## Exercise materials:
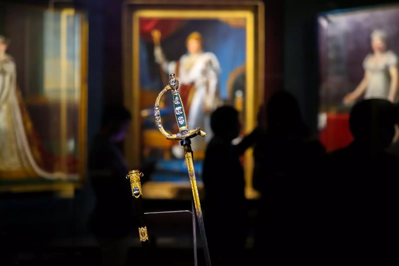 1804年12月2日,拿破仑佩戴着这把剑在巴黎圣母院举办了加冕大典。此外,宝剑还另镶了42颗同样来自法国国库的宝石。拿破仑希望借此赋予这柄宝剑更深层次的政治意义,即承袭前朝帝制更名正言顺地执掌法国大权。“艺术北京”品牌总监李孟夏同样被这把传奇之剑所折服,他认为在展场中它与背后身着加冕礼服的拿破仑一世的画像相互辉映,更能让观者体会到历史的厚重感。
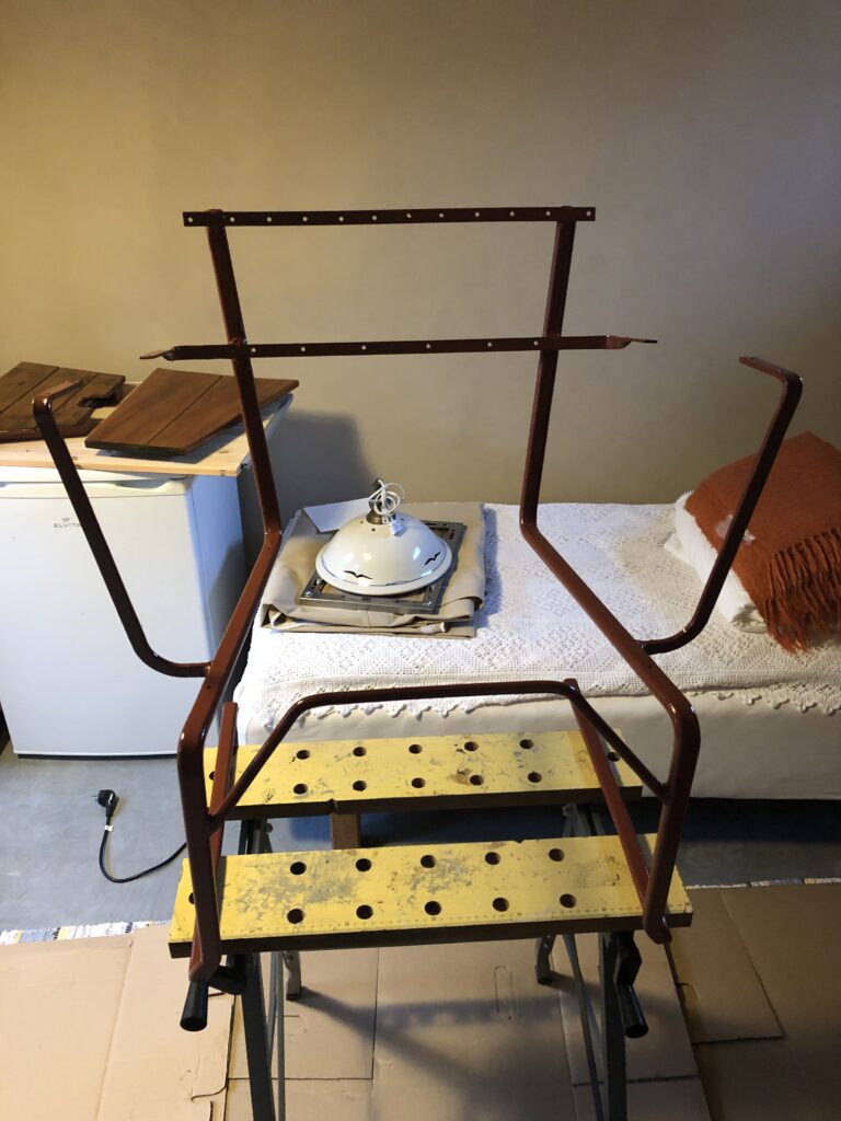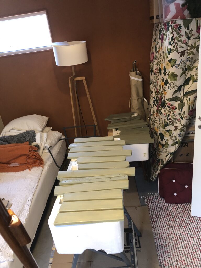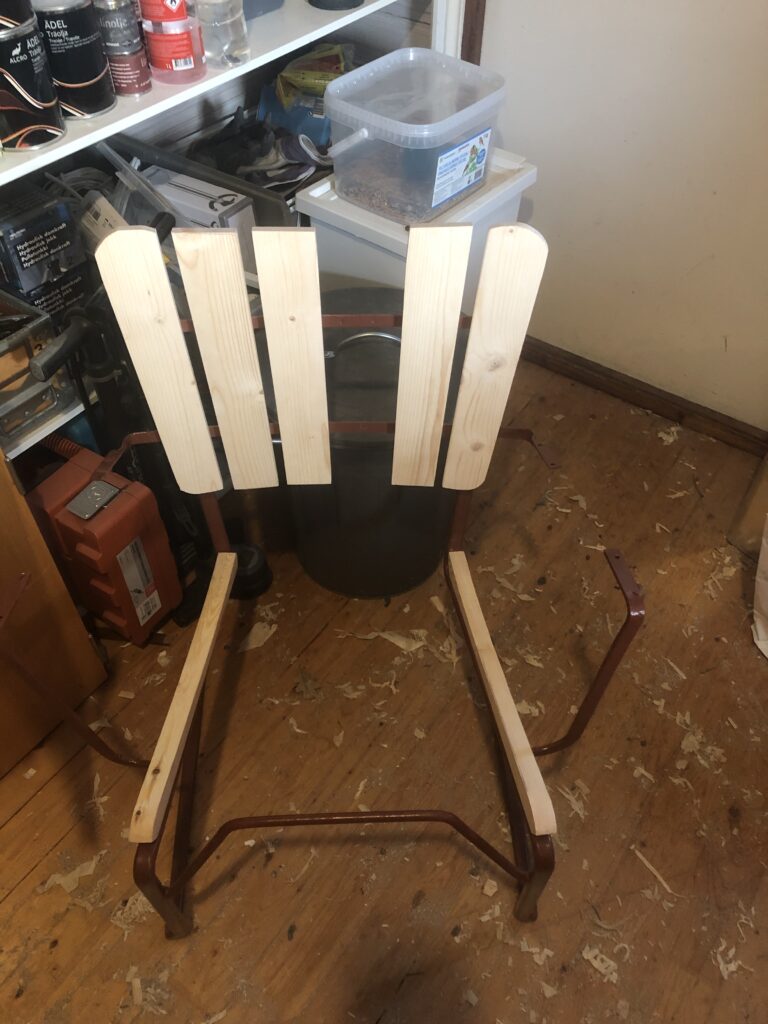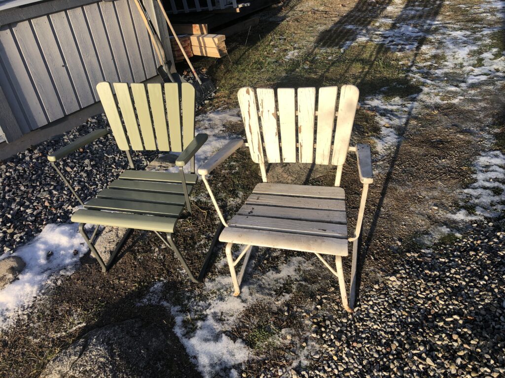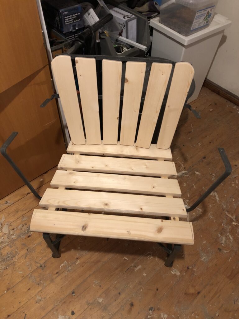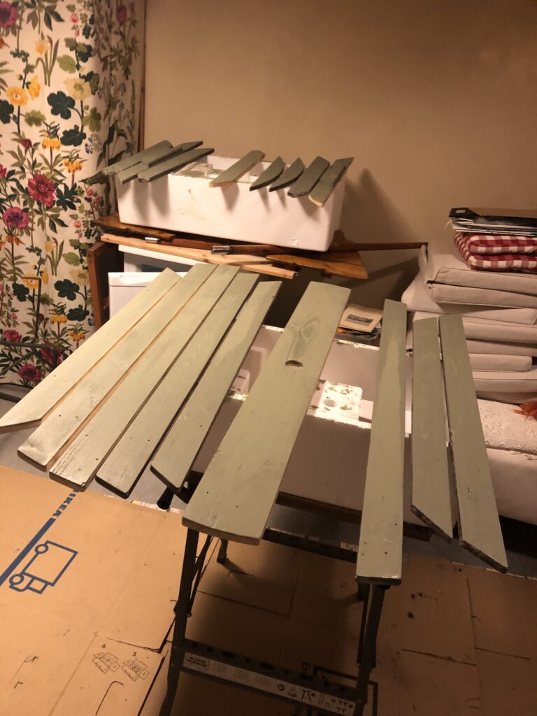 Testar att köpa billig snabbvuxen gran och olja in befintliga trädelar som inte är helt trasiga. Oljar med rå linolja till det känns mättat. Skrapa rent plastfärgen och grunda järnstommen med järnmönja. Måla med Ottossons Antikgrön.
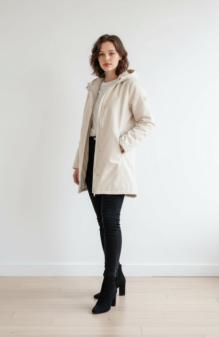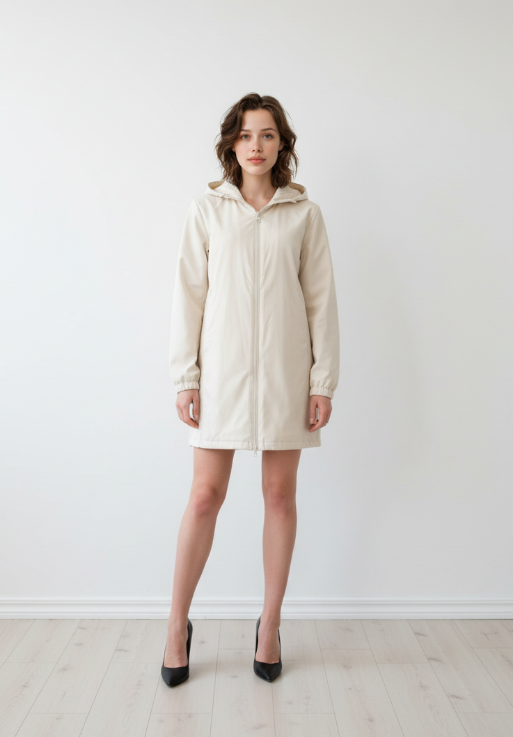 Da un lato è in tessuto tecnico impermeabile, dall’altro è un piumino trapuntato.
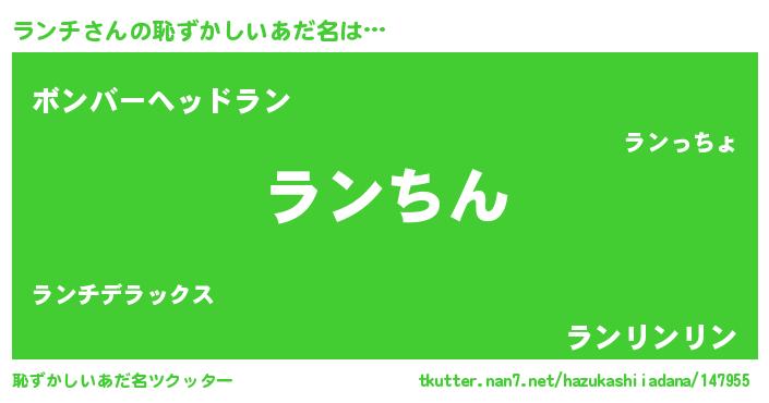 | ヒーロー風カッコイイあだ名 | 『ネオランチ』『慈愛の使者ランチ』 |
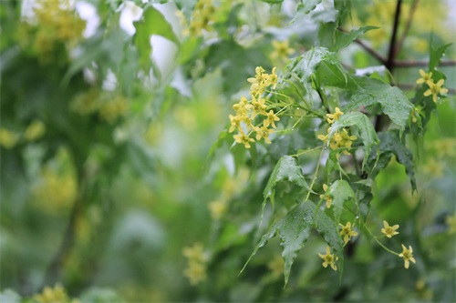 糖槭纷垂的柔梗碎花,随风飘荡,很是别致,让人耳目一新。
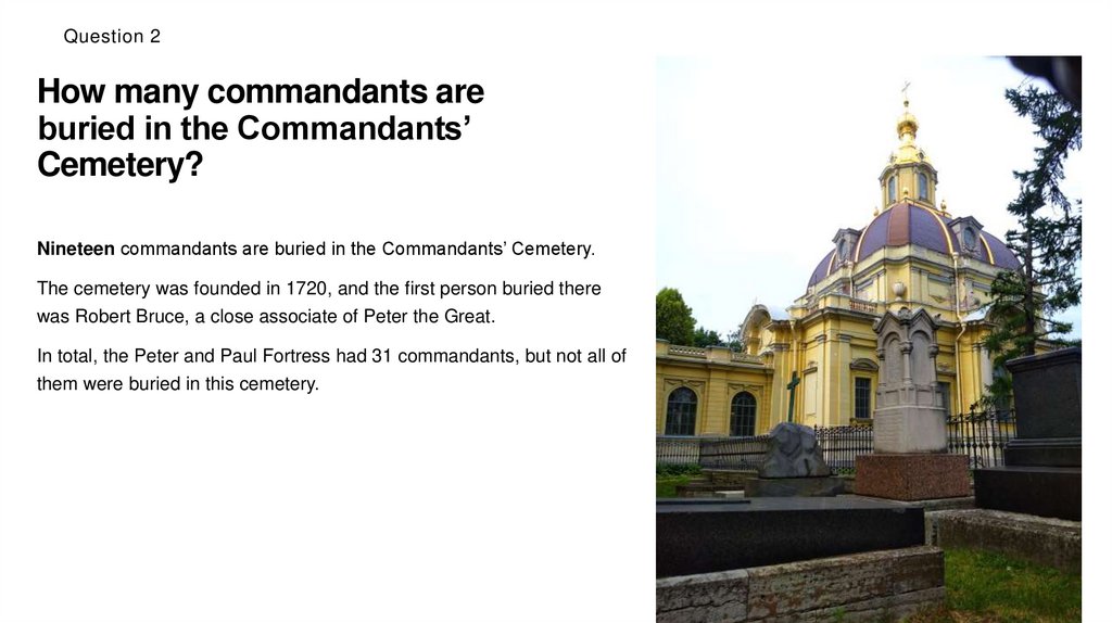 In total, the Peter and Paul Fortress had 31 commandants, but not all of
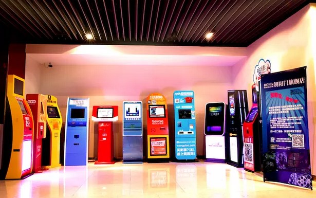 北京博纳影城朝阳门旗舰店门口的取票机

## Work to complete:
Only the pictures in the listing above get left out; print everything else exactly.

## Result for this exercise:
 1804年12月2日,拿破仑佩戴着这把剑在巴黎圣母院举办了加冕大典。此外,宝剑还另镶了42颗同样来自法国国库的宝石。拿破仑希望借此赋予这柄宝剑更深层次的政治意义,即承袭前朝帝制更名正言顺地执掌法国大权。“艺术北京”品牌总监李孟夏同样被这把传奇之剑所折服,他认为在展场中它与背后身着加冕礼服的拿破仑一世的画像相互辉映,更能让观者体会到历史的厚重感。
 Testar att köpa billig snabbvuxen gran och olja in befintliga trädelar som inte är helt trasiga. Oljar med rå linolja till det känns mättat. Skrapa rent plastfärgen och grunda järnstommen med järnmönja. Måla med Ottossons Antikgrön.
 Da un lato è in tessuto tecnico impermeabile, dall’altro è un piumino trapuntato.
 | ヒーロー風カッコイイあだ名 | 『ネオランチ』『慈愛の使者ランチ』 |
 糖槭纷垂的柔梗碎花,随风飘荡,很是别致,让人耳目一新。
 In total, the Peter and Paul Fortress had 31 commandants, but not all of
 北京博纳影城朝阳门旗舰店门口的取票机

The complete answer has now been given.